Everyone, except the Principal Figure.
Heaven sheds a single, mighty tear -- and as
blood and water spew from His side,
the complacency of all creation is eternally
shattered.
31. The film grabs you in the first five seconds, and
never lets go.
The brutality, humiliation, and gore is almost
inconceivable -- and still probably doesn’t go far
enough. The scourging alone seems to never
end, and you cringe at the sound and splatter of
every blow -- no matter how steely your nerves.
32. Even those who have known combat or prison
will have trouble, no matter their experience --
because this Man was not conscripted. He went
willingly, laying down His entirety for all.
It is one thing for a soldier to die for his
countrymen.
It’s something else entirely to think of even a
common man dying for those who hate and
wish to kill him.
33. But this is no common man.
This is the King of the Universe.
The idea that anyone could or would have gone
through such punishment is unthinkable -- but
this Man was completely innocent, completely
holy -- and paying the price for others.
He screams as He is laid upon the cross,
"Father, they don’t know. They don’t know..."

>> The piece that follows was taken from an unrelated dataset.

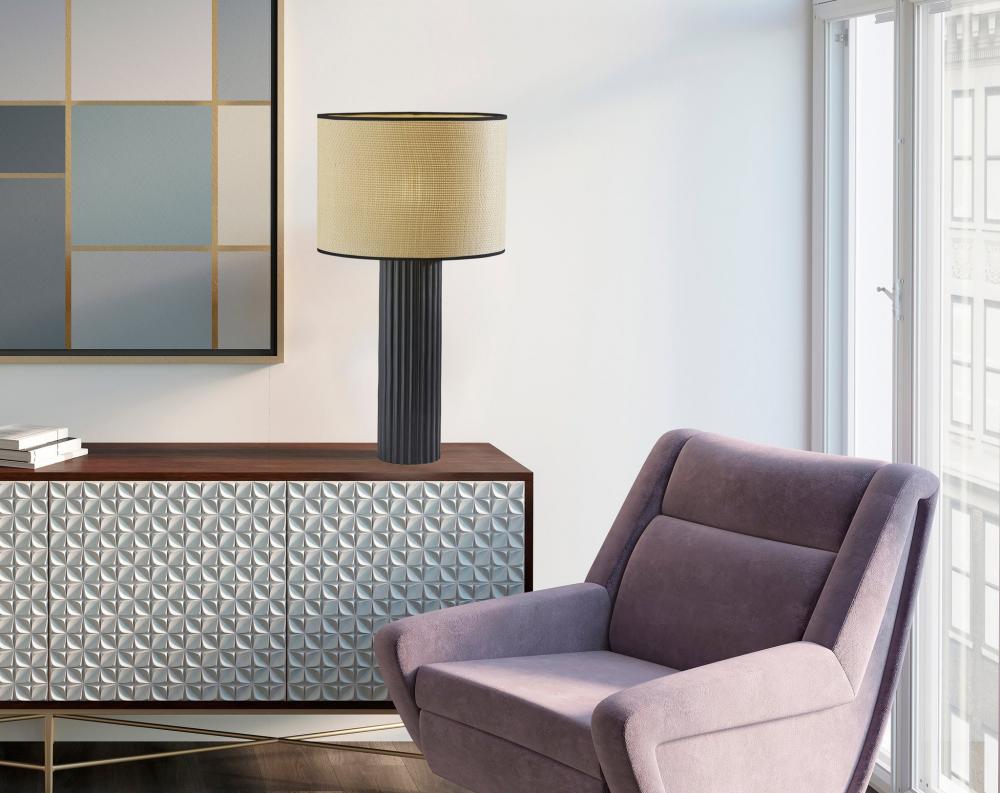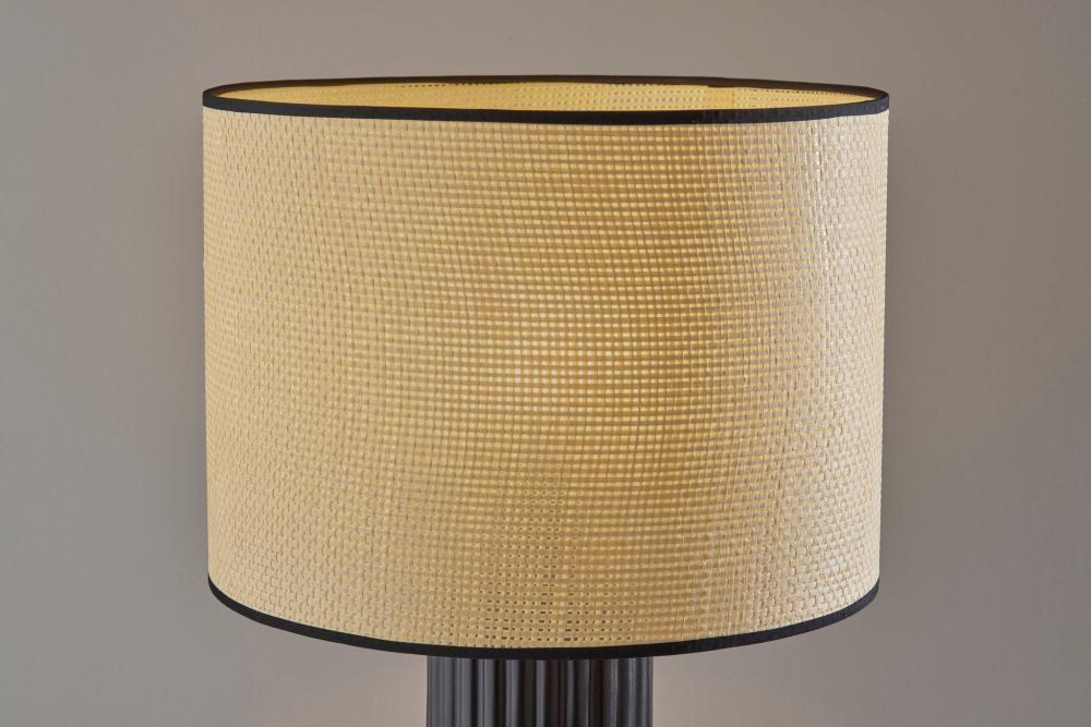 Add easy elegance to your home with the natural materials and subtle embellishments of the 29" tall Primrose table lamp. A natural woven drum shade adds texture and tops a tall, round black ceramic base featuring ribbed detailing. The woven shade softly disperses the light from a 150W bulb and is trimmed in black fabric along the top and bottom to complement the ceramic base. Easily operated by a 3-way rotary socket switch, you can adjust the brightness between low, medium, and high to suit your lighting needs. For a pop of color, this lamp is also available with a cornflower blue base, and both color options are offered in a smaller, 24" tall size for the perfect lighting solution to any space.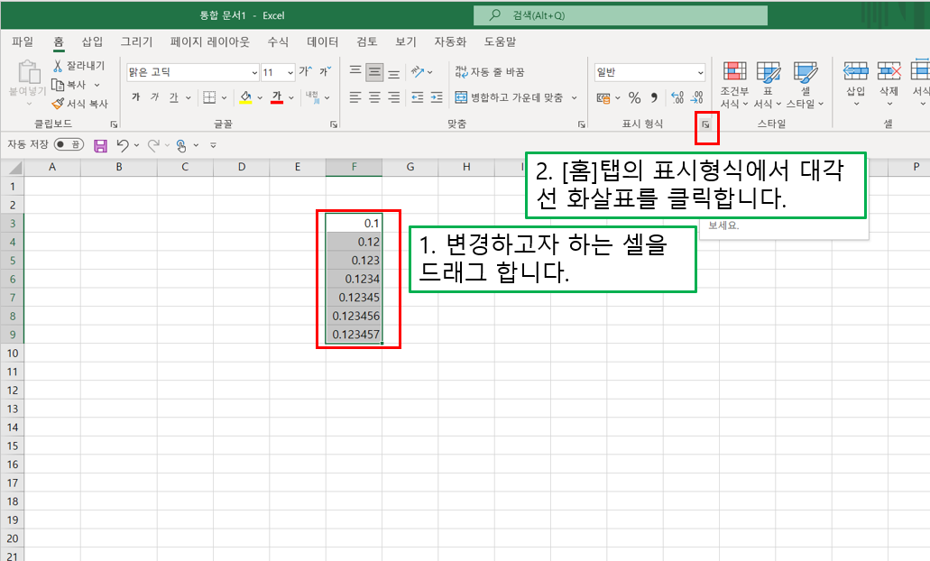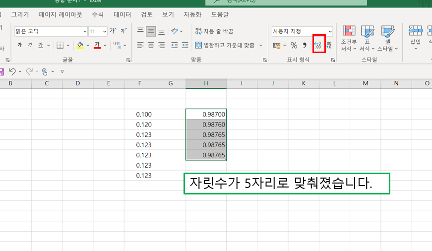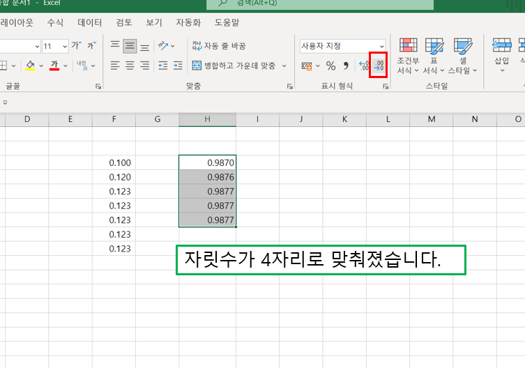 그리고 아래 그림을 참고하여 [표시 형식]의 자릿수 늘림 아이콘을 클릭합니다.

34. What the director of this film has done is to use
all of his skill to portray the most dramatic
moment of the most dramatic events since the
dawn of time.
There is no escape.
It’s a punch to the gut that puts you on the
canvas, and you don’t get up.
35. You are simply confronted by the horror of what
was done -- what had to be done -- and why.
Throughout the entire film,
I found myself apologizing.
What you’ve heard about how audiences have
reacted is true.
36. There was no sound after the film’s conclusion.
No noise at all.
No one got up.
No one moved.
The only sound one could hear was sobbing.
In all my years of public life,
I have never heard anything like that.
37. I told many of you that Gibson had reportedly
re-shot the ending to include more "hope"
through the Resurrection. That’s not true.
The Resurrection scene is perhaps the shortest
in the entire movie -- and yet it packs a punch
that can’t be quantified.
It is perfect.
There is no way to negotiate the meaning out of
it. It simply asks, "Now, what will you do?"
38. Folks, we don’t need a movie to tell us the
gospel. We have a perfect message in the pages
of the Bible, God’s Word.
What we need is to hear and believe and follow
Jesus Christ and let Him have His way in our
lives… no matter what the cost.
What else is there to live for?
Jesus holds open before us the one and only
way to lasting life and eternal joy.
He is the way.
39. Are you a follower of Jesus Christ today?
If not, why not?
I know that there is a cost for following Jesus.
But I also know that there is a much greater cost
for not following Him.
Jesus chose the cross for you.
Now it’s time for you and I to choose.